Tips for preparing all cuts of meat
Once you have selected your meat of choice, how to prepare it to make sure it is keeping slim and healthy? Apply the following advice to any cut of meat.
- trim the fat: visible fat removed before cooking. If a stew or soup is prepared it the day ahead and refrigerate overnight. The fat will rise to the top and harden, so it is easy to drawdowns and discard. For ground beef, brown the meat and place in a colander. Drain and rinse with water for one minute. cubed meat must be browned and drained of fat before using.
- Portion Control: Objective 3-4 ounces per serving, or about the size of a deck of cards. As with any eating plan, portion control is key to reducing the consumption of fat and calories.
- Cooking methods: The choice of proper cooking method is important to prevent lean cuts of meat become dry and tough. Lean cuts of meat often benefit from a cooking method ‘wet’ as stew. If you prefer grilled or broiled meat, try to marinate first for at least 6 hours. A short marinade (<1 hour) add flavor, but longer marinades add flavor and help tenderize the meat. Be sure to include an acid component, such as vinegar, wine or citrus juice along with other ingredients. Other methods include low-fat cooking grilling, sauteing and baking.
- Choose the least processed cuts: Look for “whole” meats, such as chicken breasts, steaks, pork chops, ground turkey, etc., and avoid packaged, such as hot dogs, bologna and sausage meat. Processed meats tend to be higher in sodium and unhealthy fats. They have also been linked to an increased risk of heart disease, cancer and obesity.
- Fat: Avoid adding high-fat ingredients such as cheese and butter meat. Opting to meat flavor with fresh herbs and spices instead. Some friction can be high in salt, but you can control this by their own friction.

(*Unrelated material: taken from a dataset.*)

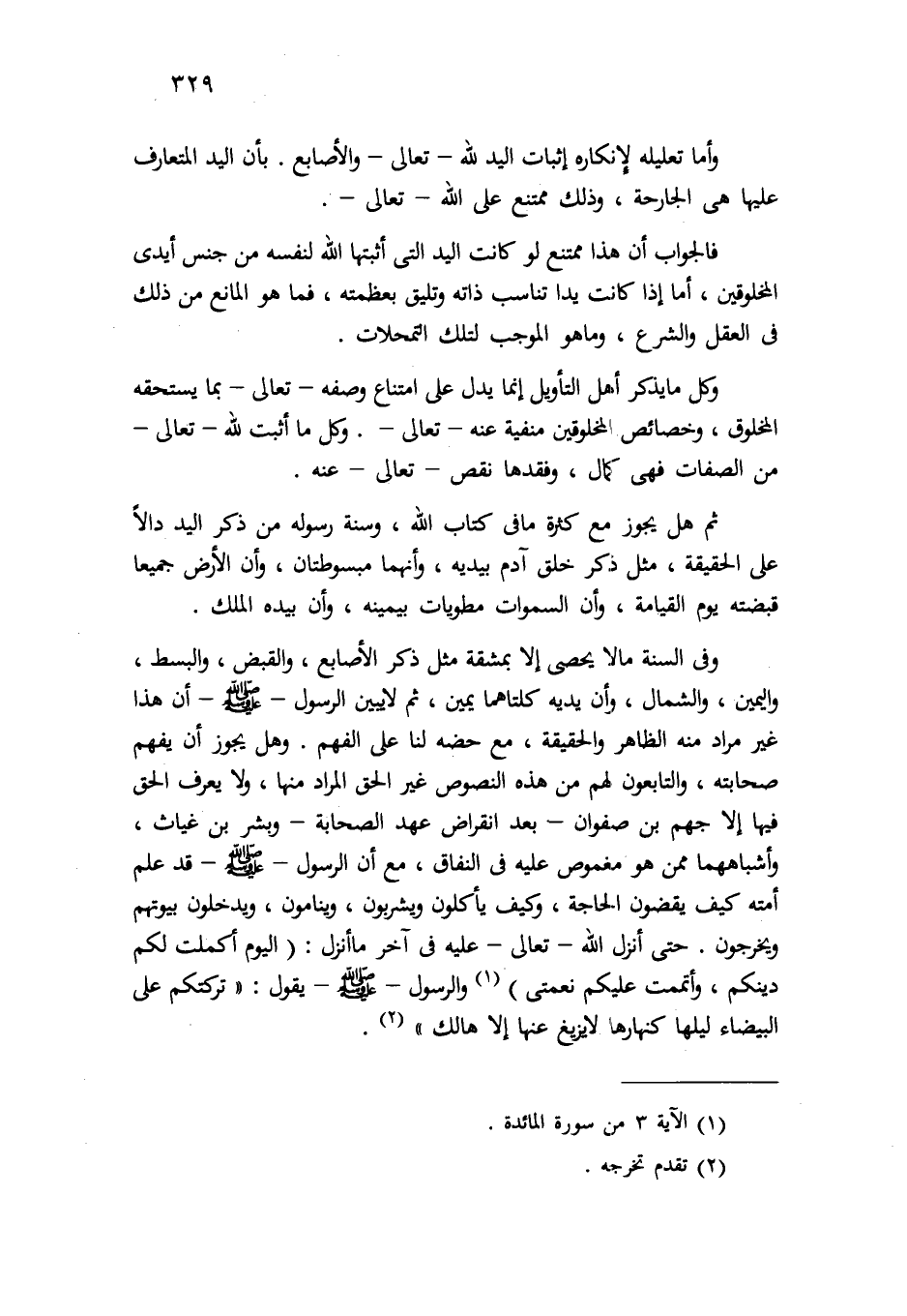 ثم هل يجوز مع كثرة ما في كتاب الله، وسنة رسوله، من ذكر اليد، دالاً على الحقيقة، مثل ذكر خلق آدم بيديه، وأنهما مبسوطتان، وأن الأرض جميعاً قبضته يوم القيامة، وأن السموات مطويات بيمينه، وأن بيده الملك، وفي السنة ما لا يحصى إلا بمشقة، مثل ذكر الأصابع، والقبض، والبسط، واليمين، والشمال، وأن يديه كلتاهما يمين، ثم لا يبين الرسول –صلى الله عليه وسلم- أن هذا غير مراد منه الظاهر والحقيقة، مع حضه لنا على الفهم؟ وهل يجوز أن يفهم صحابته والتابعون لهم من هذه النصوص غير الحق المراد منها، ولا يعرف الحق فيها إلا جهم بن صفوان – بعد انقراض عهد الصحابة – وبشر بن غياث- وأشباههما ممن هو مغموص عليه في النفاق؟ مع أن الرسول –صلى الله عليه وسلم- قد علم أمته كيف يقضون الحاجة، وكيف يأكلون ويشربون، وينامون، ويدخلون بيوتهم ويخرجون، حتى أنزل الله –تعالى- عليه في آخر ما أنزل: {الْيَوْمَ يَئِسَ الَّذِينَ كَفَرُواْ مِن دِينِكُمْ فَلاَ تَخْشَوْهُمْ وَاخْشَوْنِ الْيَوْمَ أَكْمَلْتُ لَكُمْ دِينَكُمْ وَأَتْمَمْتُ عَلَيْكُمْ نِعْمَتِي} (¬1) ، والرسول –صلى الله عليه وسلم- يقول: " تركتم على البيضاء ليلها كنهارها لا يزيغ عنها إلا هالك" (¬2) .

- Ingredients list: Look at the list of ingredients for fillers or additives that are added for flavor, increase volume, or preservation. Fillers may include starches, isolated soy protein, cellulose fibers, soy concentrate, TVP (textured vegetable protein), and carrageenan.
all things Grass Fed. “Health Benefits”. www.csuchico.edu.
American Pregnancy Association. “Listeria and pregnancy” www.americanpregnancy.org.
National Agricultural Library. “National Database USDA Nutrient” ndb.nal.usda.gov.
Oxford International Journal of Epidemiology. “The epidemiological enigma of gastric cancer rates in the US,” ije.oxfordjournals.org.